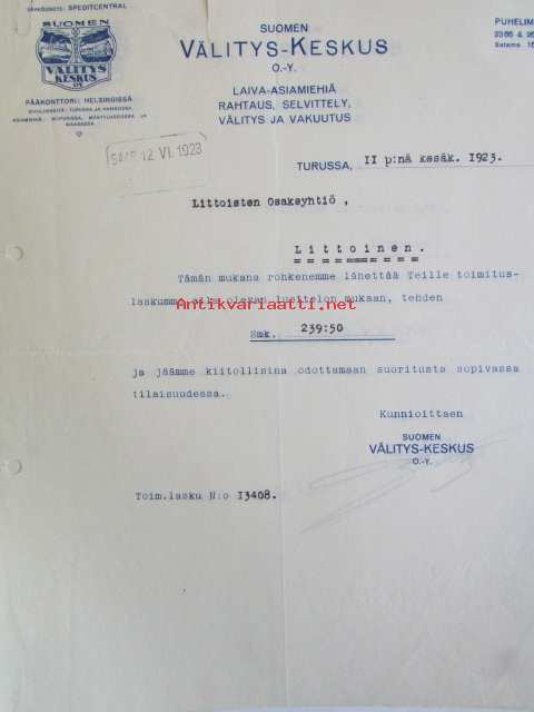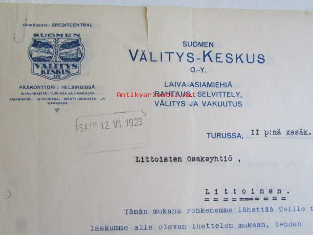 Suomen Välitys-Keskus Oy, Turussa 2. kesäkuuta 1923 -asiakirja
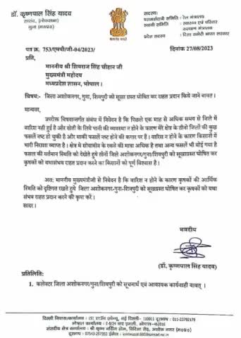 किसान पुत्र #लोकप्रिय_सांसद_डॉ_केपी_यादव_जी ने गुना लोकसभा क्षेत्र को सूखा ग्रस्त घोषित करने के लिए माननीय मुख्यमंत्री श्री शिवराज सिंह चौहान जी से पत्र द्वारा मांग की बहुत-बहुत धन्यवाद माननीय सांसद जी
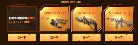 活动期间,对下列极品道具使用刮刮卡刮一下,有机会直接获得该道具奖励,没刮中道具奖励必得积分补偿,使用积分可以在STEP3兑奖区中兑换道具奖励。
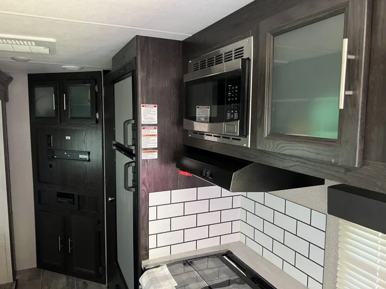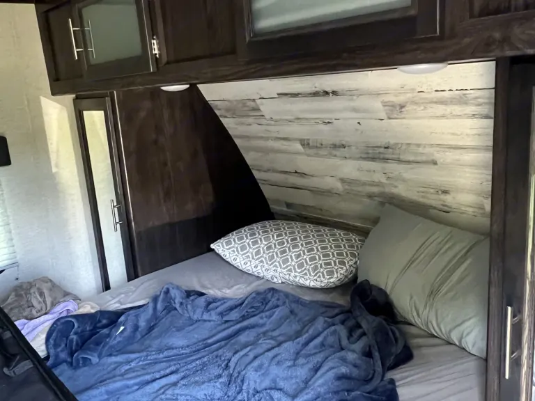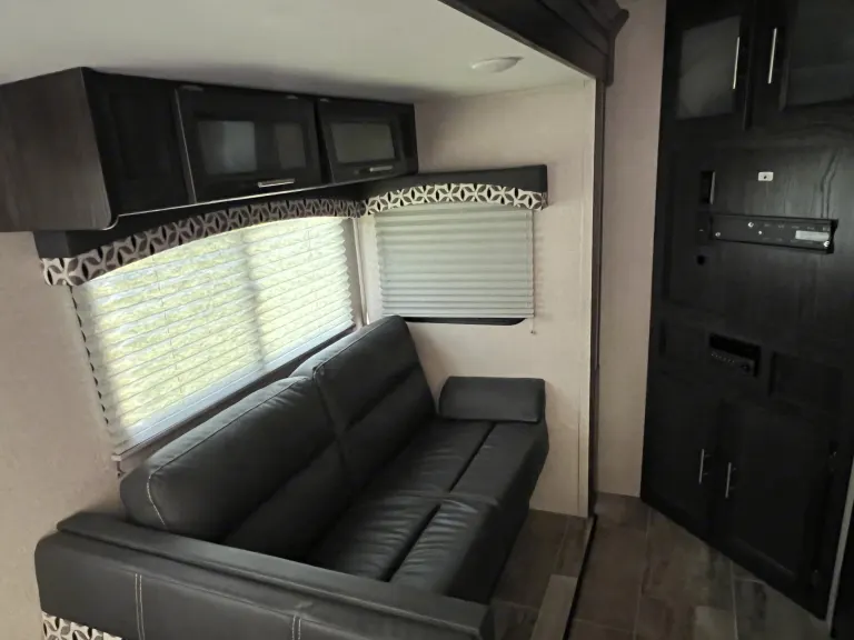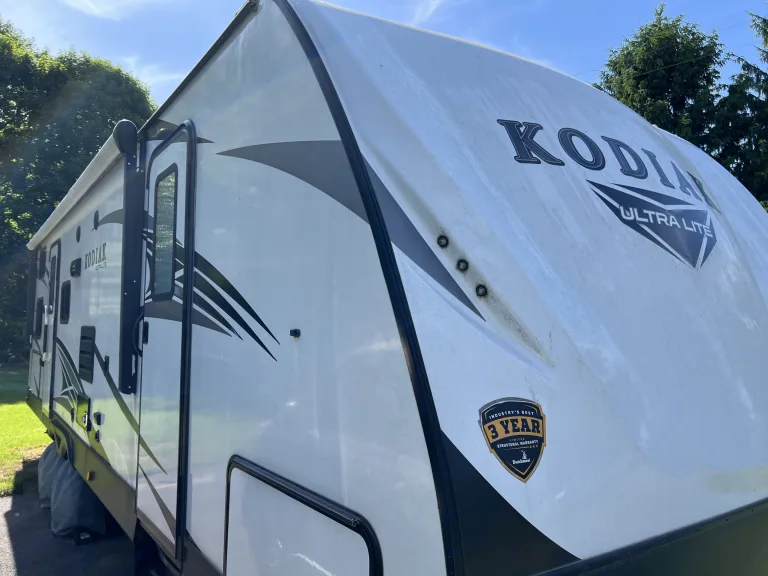 Family friendly RV. Ultra lite, includes a stabilizing bar making your towing experience smoother. Easily towable with a Ford F250 or similar vehicle.Include outdoor mini fridge & stovetop allowing for outdoor cooking. Also includes an out door grill. Has hanger for outdoor tv (removable when traveling between locations).Single bump out increases kitchen and common area inside. Master bedroom has sliding door for privacy from common area.Autres points à signalerPlease, no smoking inside the RV, it is a smoke free zone.

• _Task to complete_:
Give back the listing word for word, minus its images.

• _Answer to the exercise_:
 Suomen Välitys-Keskus Oy, Turussa 2. kesäkuuta 1923 -asiakirja
 किसान पुत्र #लोकप्रिय_सांसद_डॉ_केपी_यादव_जी ने गुना लोकसभा क्षेत्र को सूखा ग्रस्त घोषित करने के लिए माननीय मुख्यमंत्री श्री शिवराज सिंह चौहान जी से पत्र द्वारा मांग की बहुत-बहुत धन्यवाद माननीय सांसद जी
 活动期间,对下列极品道具使用刮刮卡刮一下,有机会直接获得该道具奖励,没刮中道具奖励必得积分补偿,使用积分可以在STEP3兑奖区中兑换道具奖励。
 Family friendly RV. Ultra lite, includes a stabilizing bar making your towing experience smoother. Easily towable with a Ford F250 or similar vehicle.Include outdoor mini fridge & stovetop allowing for outdoor cooking. Also includes an out door grill. Has hanger for outdoor tv (removable when traveling between locations).Single bump out increases kitchen and common area inside. Master bedroom has sliding door for privacy from common area.Autres points à signalerPlease, no smoking inside the RV, it is a smoke free zone.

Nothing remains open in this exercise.